Cluster expansion for molecular crystals?

Hi! I’m looking for good ways to model conformational disorder in molecular crystals and someone has suggested I check out icet.

Has anyone had experience using cluster expansion methods on molecular crystals to describe such disorder (e.g. a molecule within a crystal being in one of a discrete set of possible orientations)?

Thanks,
Kane

Hi Kane,
I have no experience with molecular crystals, but if your molecules are more or less static on a lattice and the only difference between them being their orientation, then I think you could attempt to do this with a cluster expansion.

First things that come to mind is to map each molecule with an orientation to atom-type, so in the case of three different orientations you would end up with a ternary system (A, B, C).
So e.g. a linear chain of these molecules would be mapped to A, B, B, A, C, C, A, C, B, … and modeling the energy of such system should work fine with cluster expansion.

Thanks for the quick answer!

Yes, the molecules should be statically disordered and so such a mapping could work in principle, I think. One thing that I’m concerned about is the symmetry analysis being a bit overzealous if it’s treating the molecule orientations as point-atoms — e.g. a mirror might be a valid symmetry operation for a structure with atoms but not for one with molecules at the same sites. Does that make sense? Is it a valid concern?

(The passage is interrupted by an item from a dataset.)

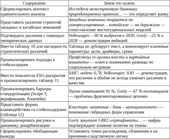 Перед созданием текста параграфа 1.3 студенту необходимо понимать: его цель – выявить, обобщить и проанализировать различия и сближения между CSR-практиками транснациональных автоконцернов на фоне различных институциональных условий. Этот раздел не повторяет предыдущие, а применяет выработанный понятийный и методологический инструментарий к сравнительному анализу. Структура текста должна быть выстроена так, чтобы логично перейти от различий к точкам пересечения, от описания механизмов – к выявлению общих трендов, от отдельных примеров – к системным выводам. Исследование в этом параграфе выполняет не столько теоретическую, сколько прикладно-аналитическую функцию.

Yes I can definitely see how symmetries would be a problem since your molecules have an orientation.
If you have two lattice sites p1 & p2 at (0,0,0) and (1,0,0) then I guess it is not necessary that energy between two molecules A and B is the same if A is at p1 and B at p2 or if A is at p2 and B at p1?

That sounds right to me. Could you put it this way perhaps:

There are fewer symmetry operations that map p1 onto p2 in the case of molecules compared to the case of atoms (like you say, because of their orientation). As a consequence, if p1 and p2 are related according to the symmetry of the atom-structure but not according to the symmetry of the molecular structure, then exchanging A and B could indeed result in a different energy.

Yes I think that’s a correct take.
So maybe it is not as easy to do this with a regular cluster expansion approach as I initially thought.

OK, thanks for your help in any case!

I’ll look into other approaches for now, but I’d be interested in coming back to this at some point — perhaps there is a simple extension/modification that would cover the molecular crystal cases (e.g. forcing the code to use the lower symmetry of molecular crystal?).